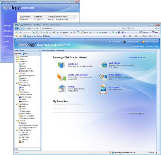 Verder heeft de Disk Station Manager 2.1 software in de DS409slim ondersteuning voor Windows ADS integratie, cross platform data sharing, RAID data protectie en een aantal backup mogelijkheden. Daarnaast kan men gebruik maken van 24x7 BitTorrent, FTP, HTTP, eMule en andere multimedia applicaties zoals Internet Radio en iPod playback. Voor bezitters van een mediaspeler is er ook ondersteuning voor UPnP (DMA). Naar alle verwachting zal de Disk Station Manager 2.2 software deze maand als bèta beschikbaar worden, waarmee mogelijk extra functies worden toegevoegd.
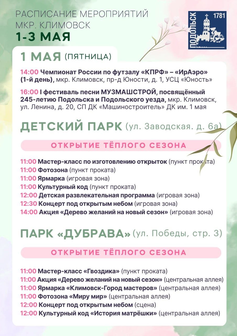 Завтра, 1 мая, открываем летний парковый сезон!
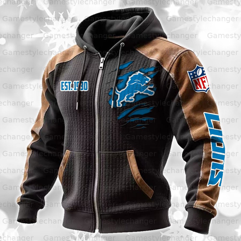 Detroit Lions Contrasting Shoulder Panels Hooded Zip-Up Jacket
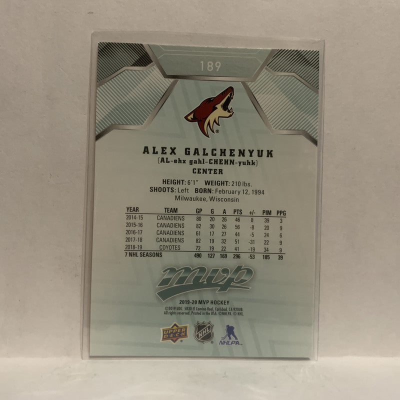 #189 Alex Galchenyuk Arizona Coyotes 2019-20 Upper Deck MVP Hockey Card KZ
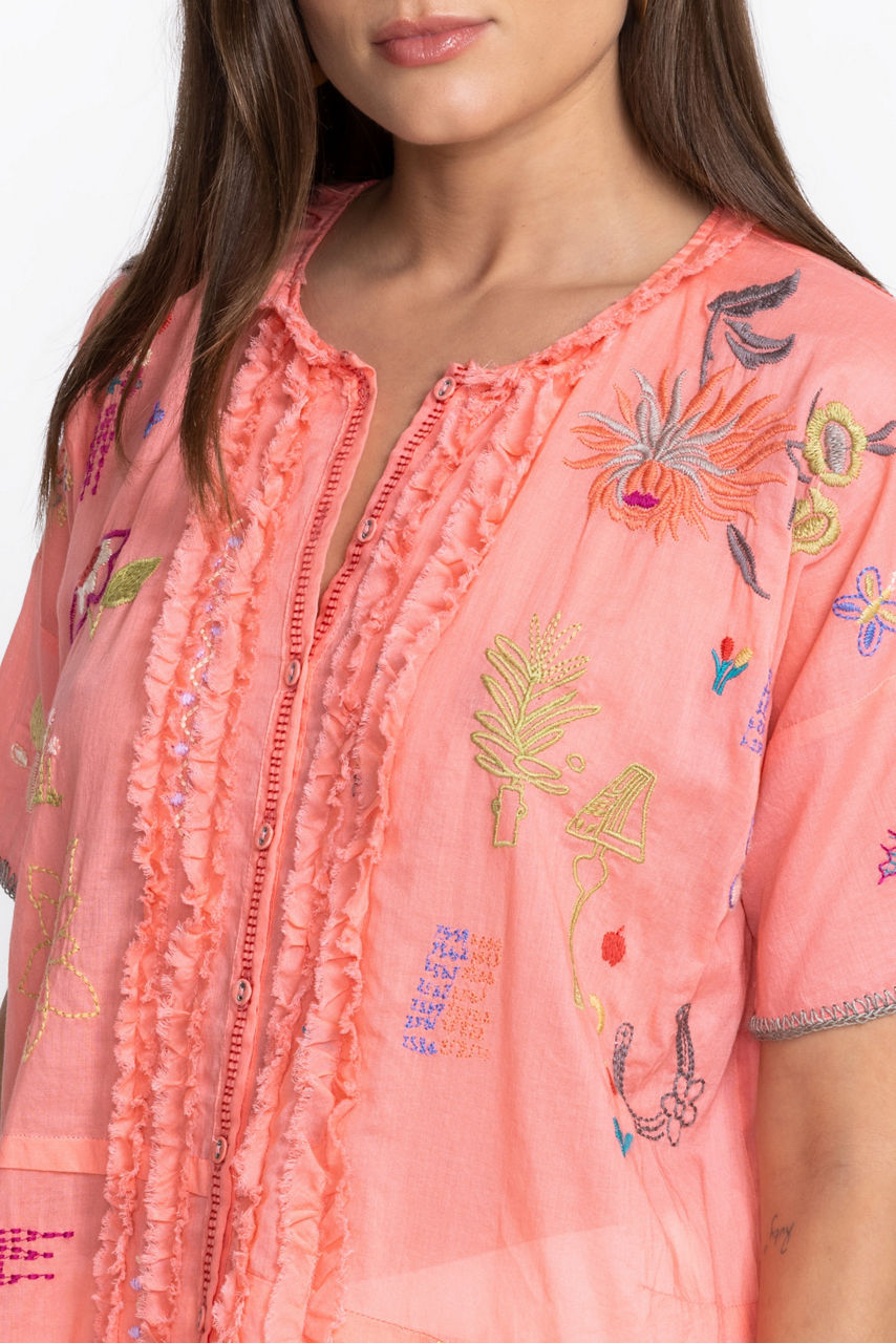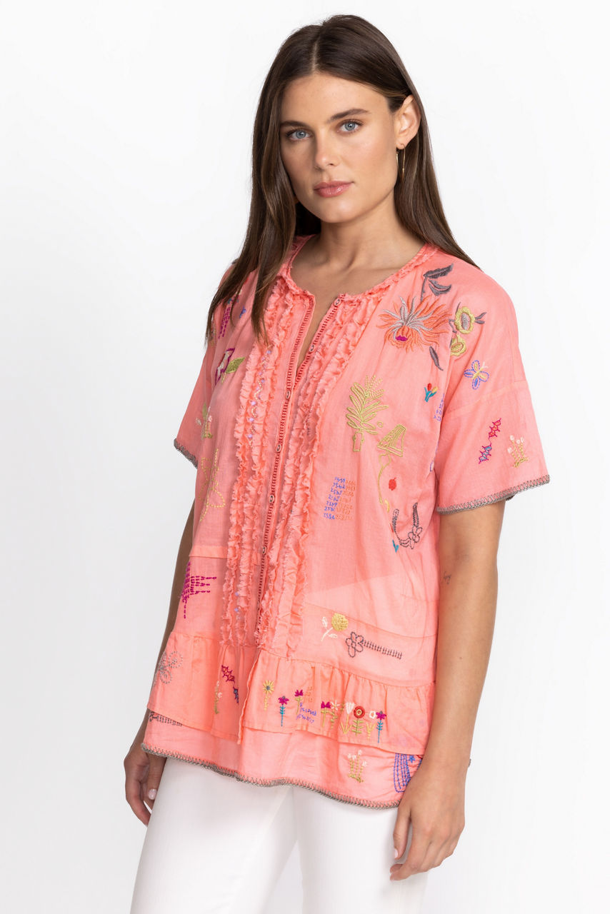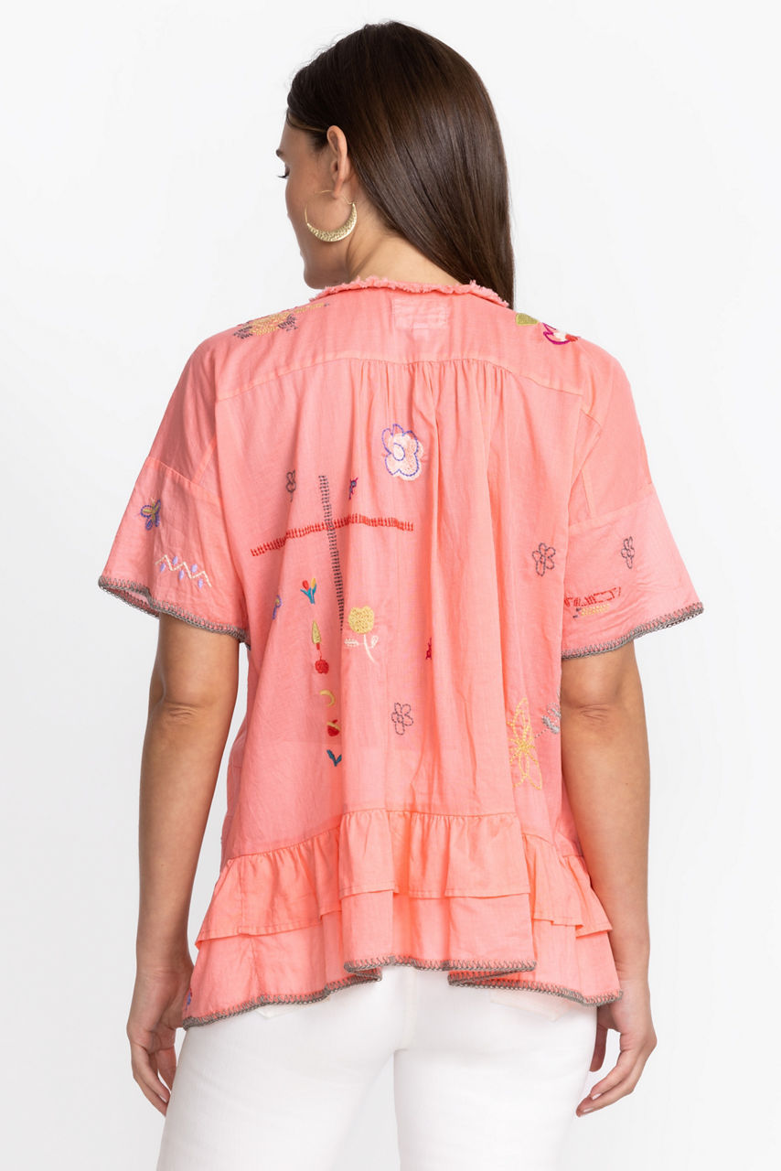 Designed from breathable cotton, the Mayeda Blouse brings a touch of causal femininity to new season looks. This blouse is characterized by a dainty floral placement embroidery and is finished with a round neck, short sleeves, and a front button closure. Pair with plain linen pants and leather extras for an effortless daytime look.
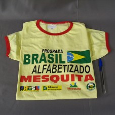 CAMISETA (TAM M) EM MALHA AMARELA, DE MANGA CURTA, COM DETALHES VERMELHOS NA GOLA E NAS MANGAS. NA FRENTE, ESTAMPA COM A INSCRIÇÃO 'PROGRAMA BRASIL ALFABETIZADO MESQUITA / GOVERNO FEDERAL / EDUCAÇÃO MINISTÉRIO DA EDUCAÇÃO / PREFEITURA MUNICIPAL DE MESQUITA / SEMECTEL', COM LOGOMARCAS E A BANDEIRA DO BRASIL.
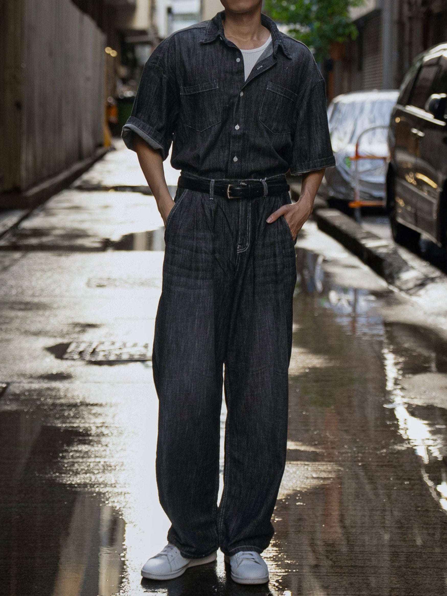 水洗布料結合挺身剪裁,無需多餘裝飾,靠線條與質感講故事。雙袋上身結構分明,視覺層次自然有Feel,直腳長褲或微寬短褲自由搭配,簡單配襯已經有style。
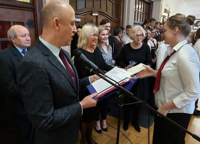 na fot.: Zuzanna van Diepen / uczennica klasy pierwszej; dr Sławomir Przygodzki / historyk w III LO i regionalista
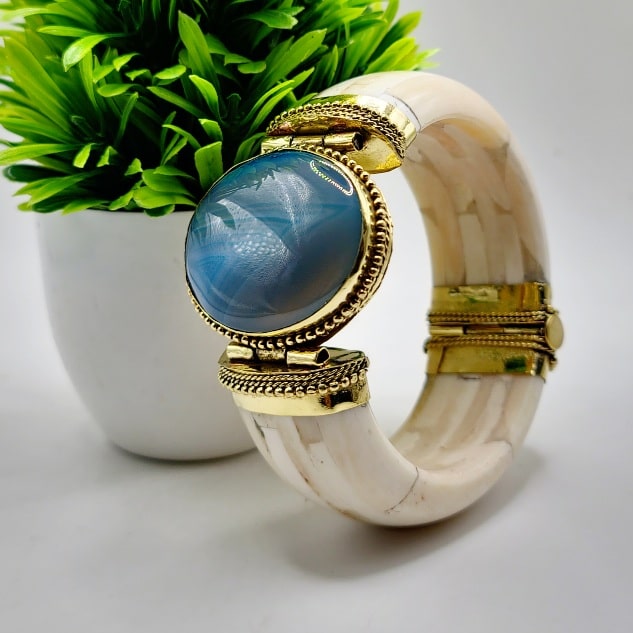The kada’s design is sleek and modern, making it easy to pair with a variety of outfits. Its subtle sparkle from the embedded crystals creates a stunning effect that adds a refined touch to both casual and formal wear. The Crystal Kada’s understated yet eye-catching design makes it a versatile piece that can be worn on its own or stacked with other bangles for a more dramatic statement.
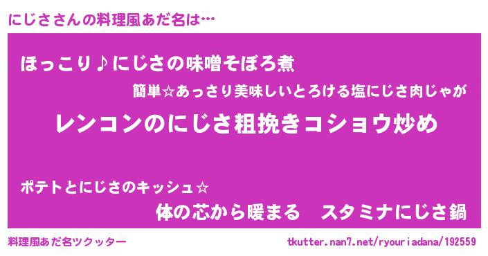 | 男性向けラノベタイトル風あだ名 | 『魔法科高校のにじさ』『にじさの憂鬱』 |
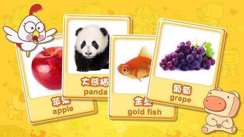 1. 每张图片配备标准汉字和英文单词语音。
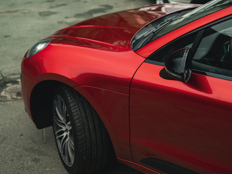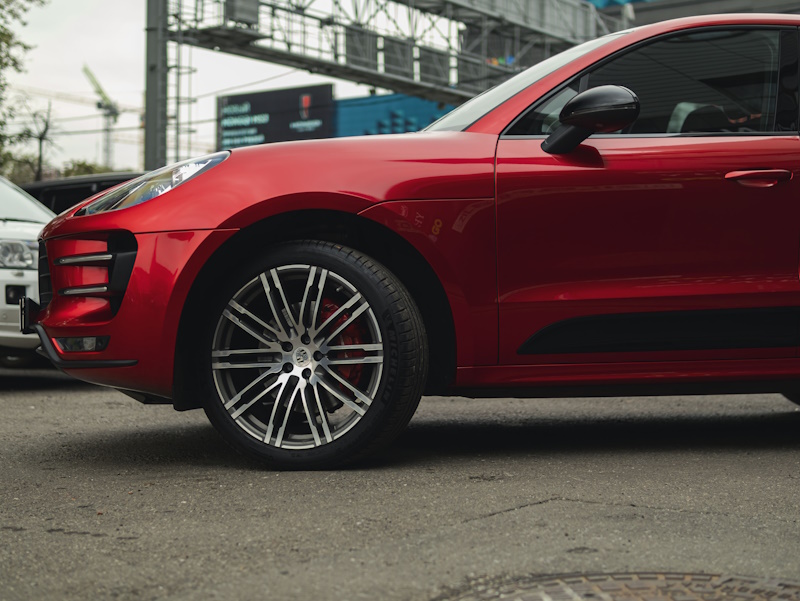 Изменить цвет кузова автомобиля Porsche Macan с коричневого на красный.
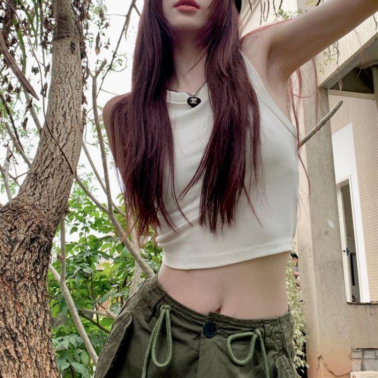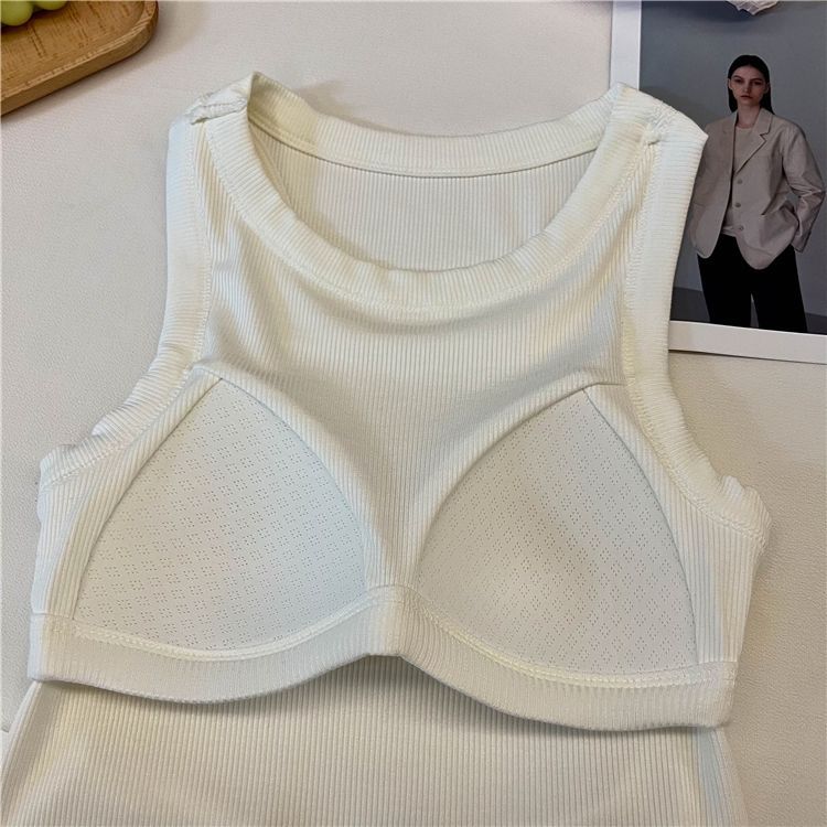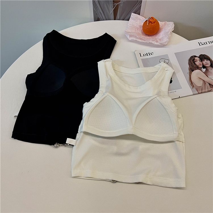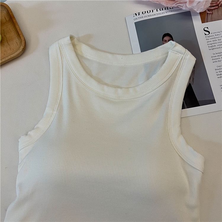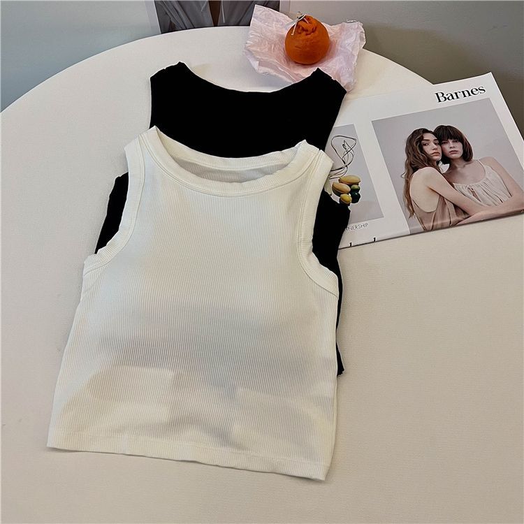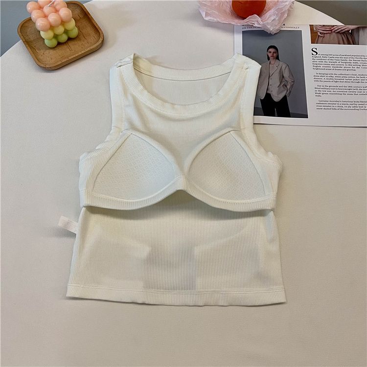 Camisola blanca en forma de I para mujer, chaleco de verano con almohadilla para el pecho, estilo americano, sin mangas, prenda exterior, top corto, ropa para mujer
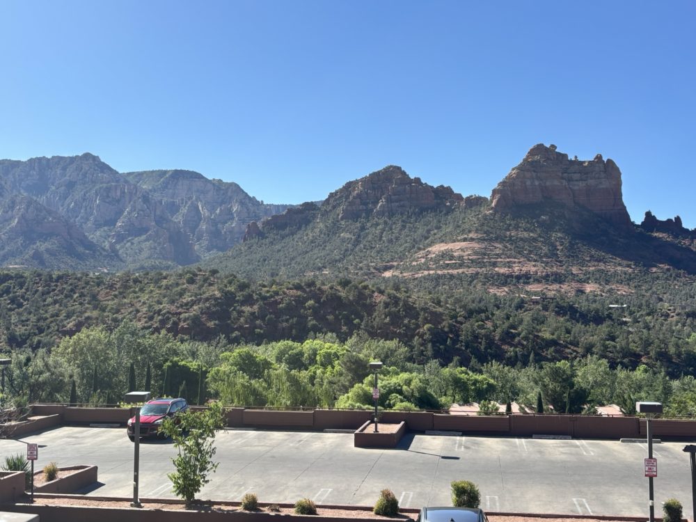 翌朝は、8時ごろに起きて、モーテルの朝食をいただき、再びシャトルで、空港に行きました。予約していたレンタカーを受け取ったのですが、予約が「RAV4クラスのSUV」だったのですが、大き目のSUVしかないと言われて出てきた車は、ビューイックの3列シートにもなるSUVでした。フェニックスを出発し、セドナを目指しました。

= = = =

# HOW TO COMPLETE THIS TASK:
Copy the records above exactly, from the first line through the line containing "1. 每张图片配备标准汉字和英文单词语音。", and leave out the pictures.

# YOUR RESPONSE:
 Verder heeft de Disk Station Manager 2.1 software in de DS409slim ondersteuning voor Windows ADS integratie, cross platform data sharing, RAID data protectie en een aantal backup mogelijkheden. Daarnaast kan men gebruik maken van 24x7 BitTorrent, FTP, HTTP, eMule en andere multimedia applicaties zoals Internet Radio en iPod playback. Voor bezitters van een mediaspeler is er ook ondersteuning voor UPnP (DMA). Naar alle verwachting zal de Disk Station Manager 2.2 software deze maand als bèta beschikbaar worden, waarmee mogelijk extra functies worden toegevoegd.
 Завтра, 1 мая, открываем летний парковый сезон!
 Detroit Lions Contrasting Shoulder Panels Hooded Zip-Up Jacket
 #189 Alex Galchenyuk Arizona Coyotes 2019-20 Upper Deck MVP Hockey Card KZ
 Designed from breathable cotton, the Mayeda Blouse brings a touch of causal femininity to new season looks. This blouse is characterized by a dainty floral placement embroidery and is finished with a round neck, short sleeves, and a front button closure. Pair with plain linen pants and leather extras for an effortless daytime look.
 CAMISETA (TAM M) EM MALHA AMARELA, DE MANGA CURTA, COM DETALHES VERMELHOS NA GOLA E NAS MANGAS. NA FRENTE, ESTAMPA COM A INSCRIÇÃO 'PROGRAMA BRASIL ALFABETIZADO MESQUITA / GOVERNO FEDERAL / EDUCAÇÃO MINISTÉRIO DA EDUCAÇÃO / PREFEITURA MUNICIPAL DE MESQUITA / SEMECTEL', COM LOGOMARCAS E A BANDEIRA DO BRASIL.
 水洗布料結合挺身剪裁,無需多餘裝飾,靠線條與質感講故事。雙袋上身結構分明,視覺層次自然有Feel,直腳長褲或微寬短褲自由搭配,簡單配襯已經有style。
 na fot.: Zuzanna van Diepen / uczennica klasy pierwszej; dr Sławomir Przygodzki / historyk w III LO i regionalista
The kada’s design is sleek and modern, making it easy to pair with a variety of outfits. Its subtle sparkle from the embedded crystals creates a stunning effect that adds a refined touch to both casual and formal wear. The Crystal Kada’s understated yet eye-catching design makes it a versatile piece that can be worn on its own or stacked with other bangles for a more dramatic statement.
 | 男性向けラノベタイトル風あだ名 | 『魔法科高校のにじさ』『にじさの憂鬱』 |
 1. 每张图片配备标准汉字和英文单词语音。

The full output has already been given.